Before the competition began, I decided I wanted to do a ‘prize’ for the lowest-placing game by giving it a review highlighting its good points.
I’m glad I did, because it encouraged me to get Python running to play this game today.
Thoughts
War of the Willows is a very non-standard interactive fiction game. As others have said, it’s written in poetry (non-rhyming, in case anyone hates rhymes). To download it now, you can’t use the link on IFDB; you have to go to IFWiki and download the original comp zip file or download each python file separately and put them in the right folders, which is what I did.
You are battling willow trees that are incarnations of your ancestors, fed on their blood, as described in a made-up scripture. They are angry that you have defiled the world by breaking a covenant.
The game consists of three choices, followed by combat. You choose your motivation, your god, and a symbolic item. Then you have combat with a variety of options, including attacking, advancing, praying, etc.
I had big trouble beating the game. Then I started looking at the code, and I realized the biggest attraction of this game for me:
The guts
This game is FUN to look into. I had to dig deep into the code because my python version uses input() instead of raw_input(), so I had to manually replace each one. This let me see deeper into the code.
Once I started hacking the code, I didn’t go back. I replaced the ‘f—’ you see every time you get hit with ‘ouch’. I started delving deeper…
BIG COMBAT SPOILERS
I discovered that the choice of special item is completely meaningless. The other choices affect your (hidden) stats, with anger and sanctity being two important stats.
I also discovered that there are two ‘winning’ endings. The first is the one that most reviewers found, where you kill the tree and the others retaliate by destroying you.
The second is best obtained by choosing forgiveness as your motive and your family’s geneus as your god, and never attacking. By praying enough, you eventually raise your sanctity high enough that the trees forgive you and the people see you as a prophet.
I couldn’t raise it fast enough; the game increments sanctity by .03 every time you pray. So I hacked it to increment it by .30 every time you pray. I still had to pray 3 times before I won, so I think in the real game you have to pray ~30 times before you get the great ending.
Last thoughts
Sorry this post is so rambling. I feel that the author received low scores mainly because this was such a new way of presenting a text adventure. The combat system does need tuning, but that alone shouldn’t make that big of a difference in score.
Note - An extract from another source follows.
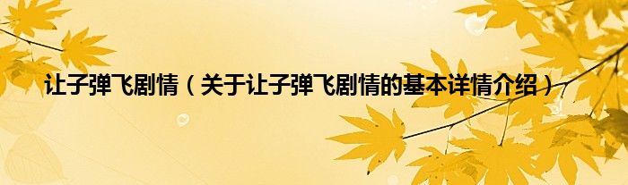 本文关于让子弹飞剧情的基本详情介绍就讲解完毕,希望对大家有所帮助。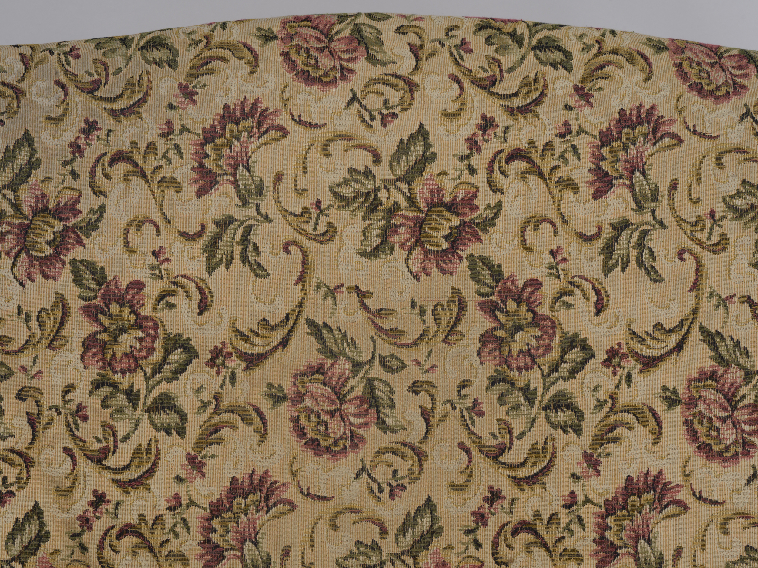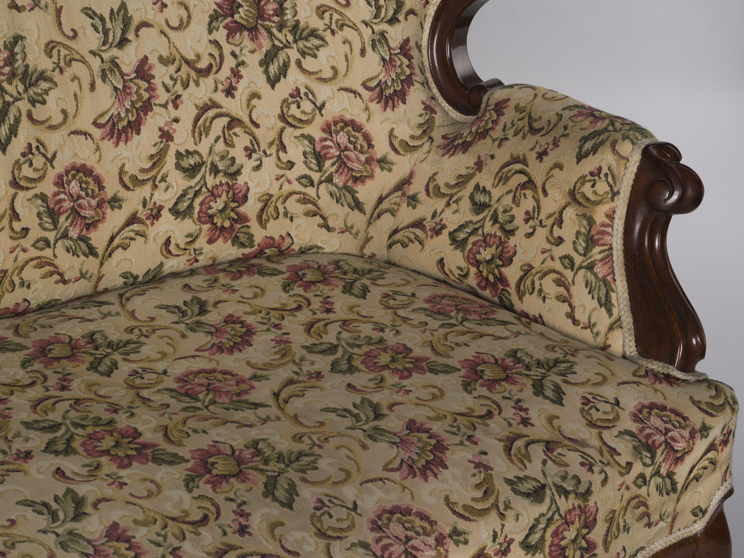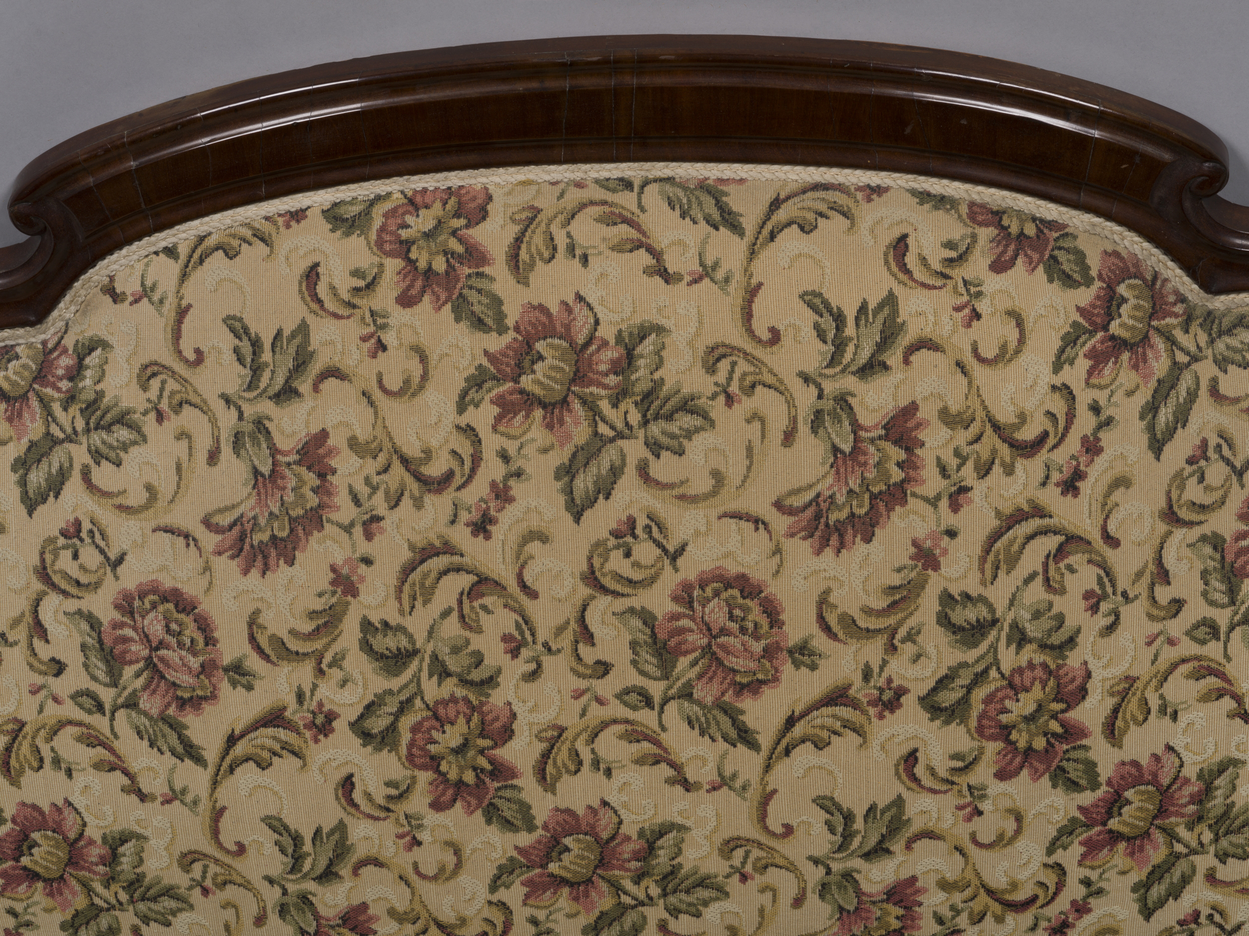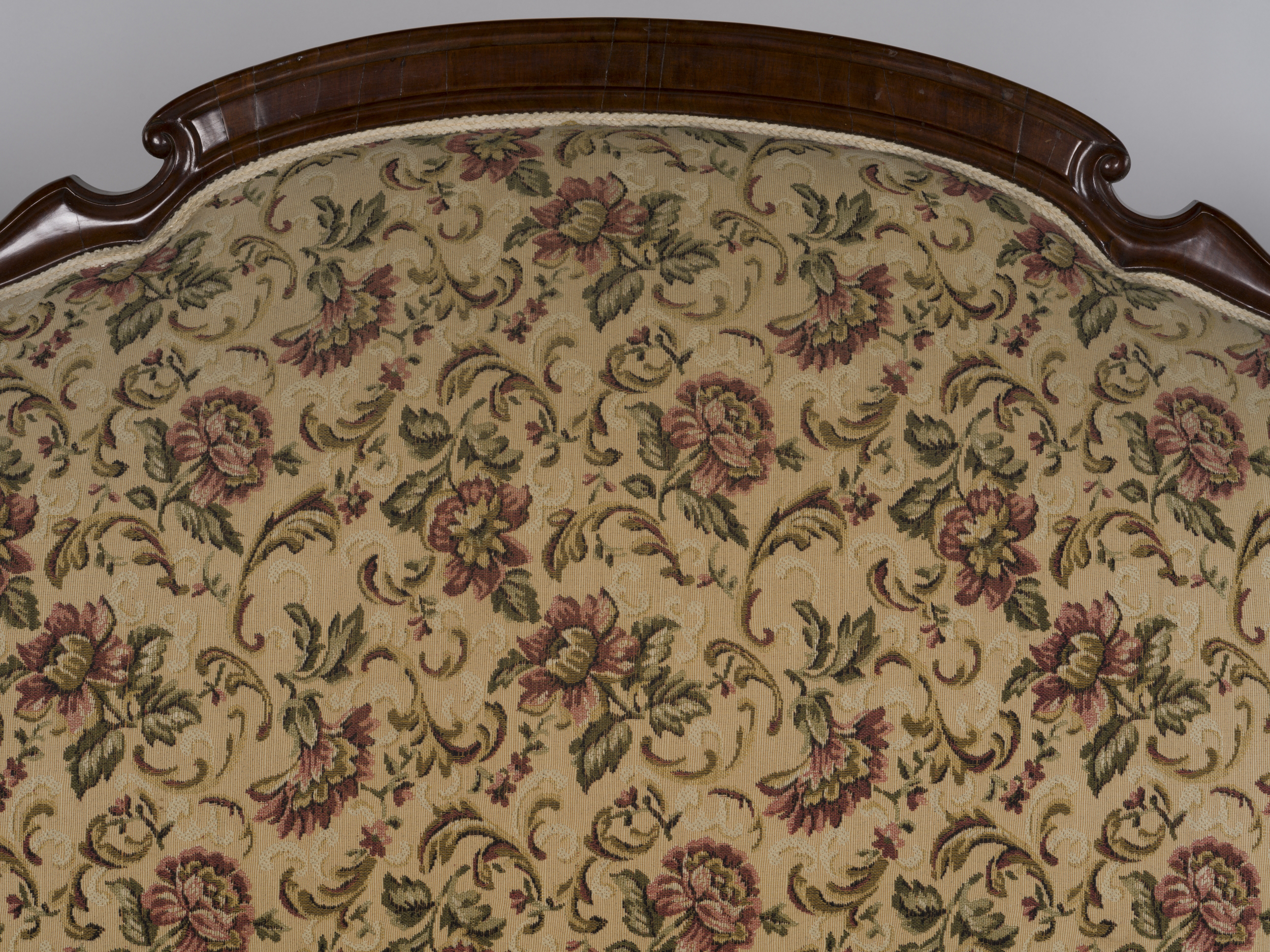 Kanapa należy do francuskiego kompletu mebli w stylu regencyjnym o wysokiej wartości artystycznej, składającego się pierwotnie z kanapy i dwunastu foteli. Reprezentuje typ à oreilles - oparcie pleców łączące się z pełnymi bokami i z siedziskiem zachowało jeszcze barokowy kształt. Górna krawędź boków pełni jednocześnie rolę podłokietników. Falista linia pozostałych elementów zaciera linie konstrukcyjne mebla. Siedzisko wsparte jest na ośmiu wygiętych nóżkach typu cabriole wiązanych u dołu dwoma łączynami krzyżakowymi. Widoczne elementy drewnianej konstrukcji w naturalnym kolorze drewna pokrywa bogata rzeźba z wiotkimi liniami gałązek akantu oplatającymi ramy, oraz muszlami akcentującymi podziały kompozycyjne, nadając im walor lekkości. Do osiągnięcia tego efektu przyczynia się znacząco wspaniała kompozycja kwiatów znanych z barokowych obrazów mistrzów flamandzkich.W części centralnej oparcia - wspaniały bukiet kwiatów w dekoracyjnej wazie, po bokach kogut i pies. Rzędy główek mosiężnych ćwieków mocujących tkaninę do konstrukcji drewnianej dają dyskretne złote refleksy. Komplet mebli pod koniec XVIII w. stanowił wyposażenie Apartamentów ks. Izabeli Lubomirskiej, później dekorował dawne Apartamenty Królewskie. Obecnie zachowała się kanapa (Wil.964) (z której okupanci niemieccy w czasie 2. wojny światowej wycięli nożem tkaninę siedziska) i sześć foteli (Wil.962/1-6).

In the end, this game wasn’t so different from Midnight, Swordfight in concept. You are in a duel, you get to change around the setup of the duel before it begins, you are given a strict play script with what commands you can use, and then you have the duel itself. If the duel in Willows had been play tested by enough people to tweak the combat variables, then this would have been a truly excellent game.
Fortunately, the code is 100% modifiable. So I encourage python-savvy people (not me; I had to look up a lot of this stuff) to play around with the game. The author even encourages this, having a .txt file outlining some tip for modders.
Overall, I would have given this game 7.5/10. I especially recommend you check it out if you are interested in novel ways of running a text adventure.